Github - SegLoss https://github.com/JunMa11/SegLoss

## 4. Image Segmentation Datasets

If you are still here, chances are that you might be asking yourself where you can get some datasets to get started.

### 4.1. Common Objects in Context — Coco Dataset

COCO is a large-scale object detection, segmentation, and captioning dataset. The dataset contains 91 classes. It has 250,000 people with key points. Its download size is 37.57 GiB. It contains 80 object categories. It is available under the Apache 2.0 License and can be downloaded from here.

### 4.2. PASCAL Visual Object Classes (PASCAL VOC)

PASCAL has 9963 images with 20 different classes. The training/validation set is a 2GB tar file. The dataset can be downloaded from the official website.

### 4.3. The Cityscapes Dataset

This dataset contains images of city scenes. It can be used to evaluate the performance of vision algorithms in urban scenarios. The dataset can be downloaded from here.

### 4.4. The Cambridge-driving Labeled Video Database — CamVid

This is a motion-based segmentation and recognition dataset. It contains 32 semantic classes. This link contains further explanations and download links to the dataset.

## 5. Image Segmentation Frameworks

Now that you are armed with possible datasets, let’s mention a few tools/frameworks that you can use to get started.

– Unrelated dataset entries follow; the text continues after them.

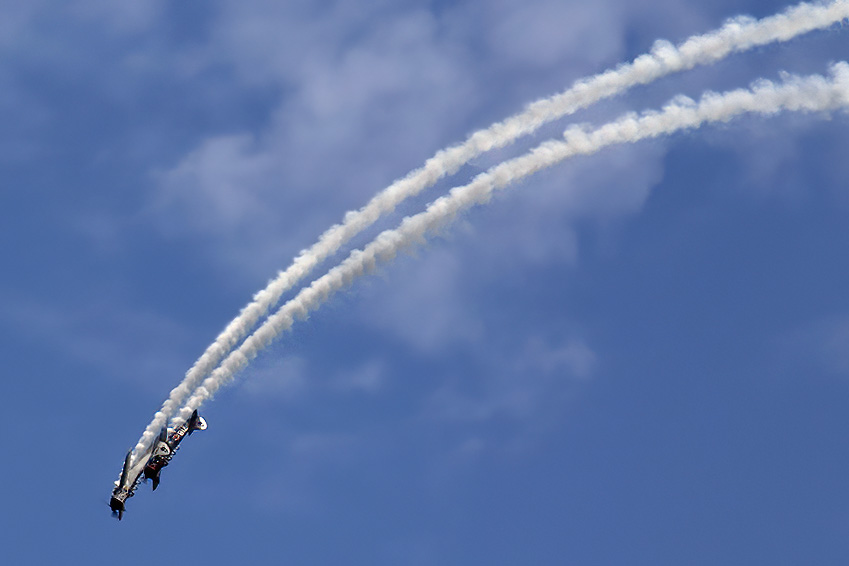 Harley. I have waited to comment. I have been thinking about your image. Sometimes, less is more. I like the sky and smoke trails in the original image. I think the edited image is over sharpened. That gives the smoke and the planes a somewhat unusual look to my eye. This is a really good image. You can apply these topaz affects to the image and then remove or cut back on the effect with the history brush. You can really detect the corruption in the smoke trails. Those trails don't need to be sharp so just remove the effect there with the history brush! I think there is merit in the crop suggestion from Bunny. Having the planess appear to be coming out of the dive is sort of more comforting. Yet, your original may be more exciting. Just sharpen the planes and see what happens. |
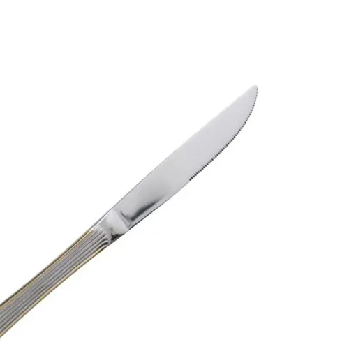Набор столовых ножей состоит из 6 штук, упакованных в блистерную упаковку. Классический дизайн сочетает серебристое лезвие и золотистую ручку, что придаёт приборам элегантный вид. Благодаря сдержанному оформлению, ножи легко сочетаются с различными стилями столовой посуды.
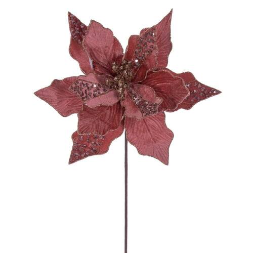 - Este caule de poinsétia cor de ouro rosa é feito de poliéster e arame e tem 20 polegadas de comprimento com uma cabeça de flor de 10 polegadas de diâmetro.
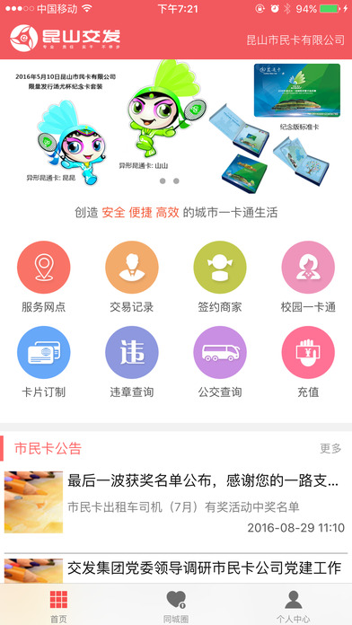 基于现有市民卡载体和用户,建设服务于昆山本地市民的手机应用,功能主要包括学生卡、违章查询、服务网点、签约商家、商家交易、同城圈查询等功能。
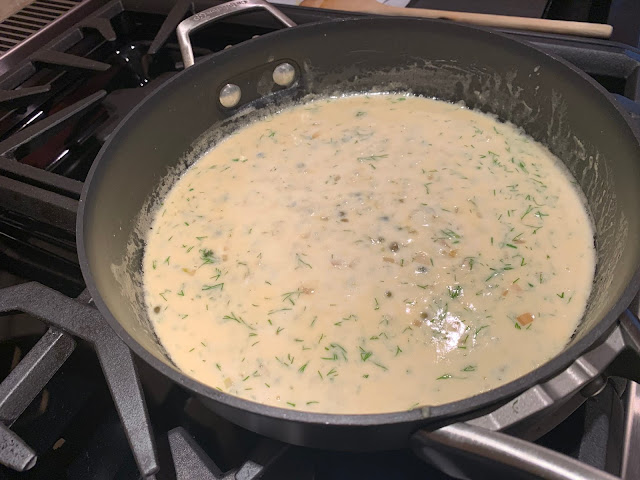 Add dill, lemon juice and capers. Keep warm over lowest heat.
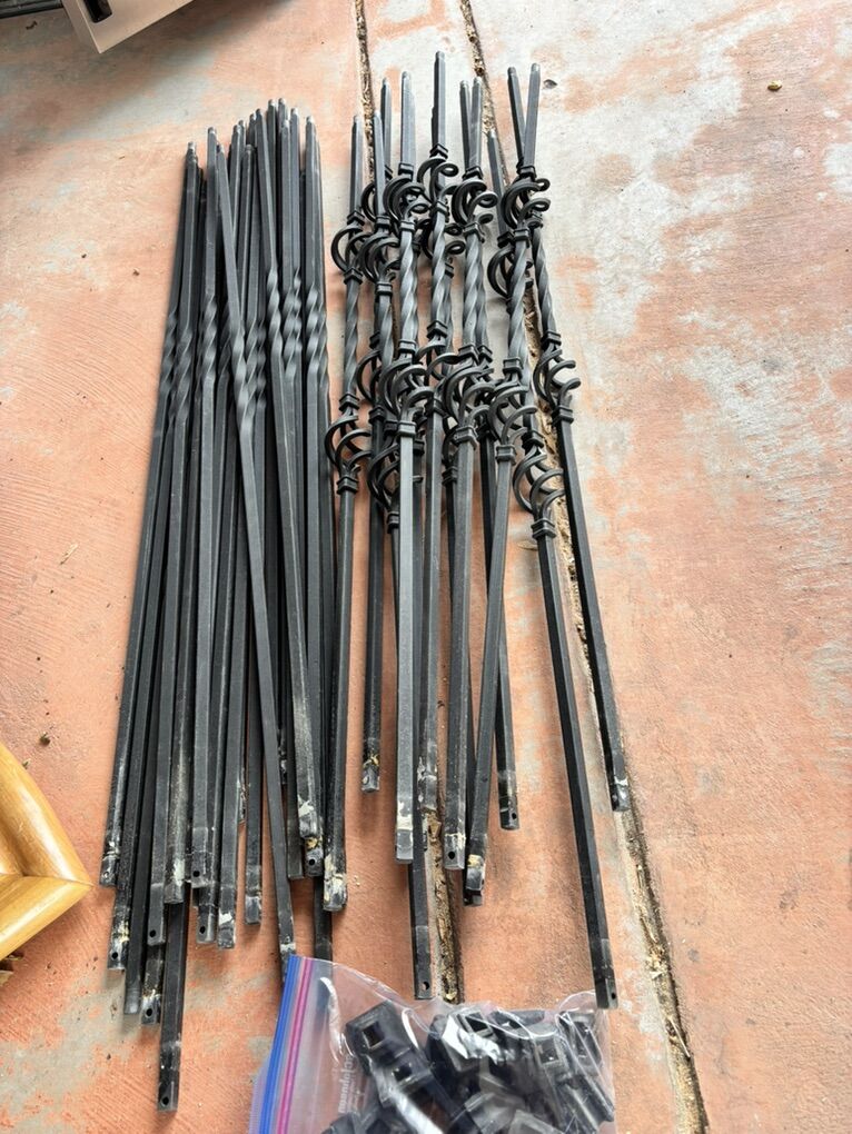 VenmoApproximately 16’ of material. I think it might be oak. Rod iron balusters, base and shoes, hand rails and four posts.

• FastAI library— given an image this library is able to create a mask of the objects in the image.
• Sefexa Image Segmentation Tool— Sefexa is a free tool that can be used for Semi-automatic image segmentation, analysis of images, and creation of ground truth
• MultiPath — This a Torch implementation of the object detection network from “A MultiPath Network for Object Detection”.
• OpenCV — This is an open-source computer vision library with over 2500 optimized algorithms.
• MIScnn is a medical image segmentation open-source library. It allows setting up pipelines with state-of-the-art convolutional neural networks and deep learning models in a few lines of code.
• Fritz: Fritz offers several computer vision tools including image segmentation tools for mobile devices.

## 6. Final Thoughts

Hopefully, this article gave you some background into image segmentation and given you some tools and frameworks that you can use to get started.

We’ve covered:

• what image segmentation is,
• a couple of image segmentation architectures,
• some image segmentation losses,
• image segmentation tools and frameworks.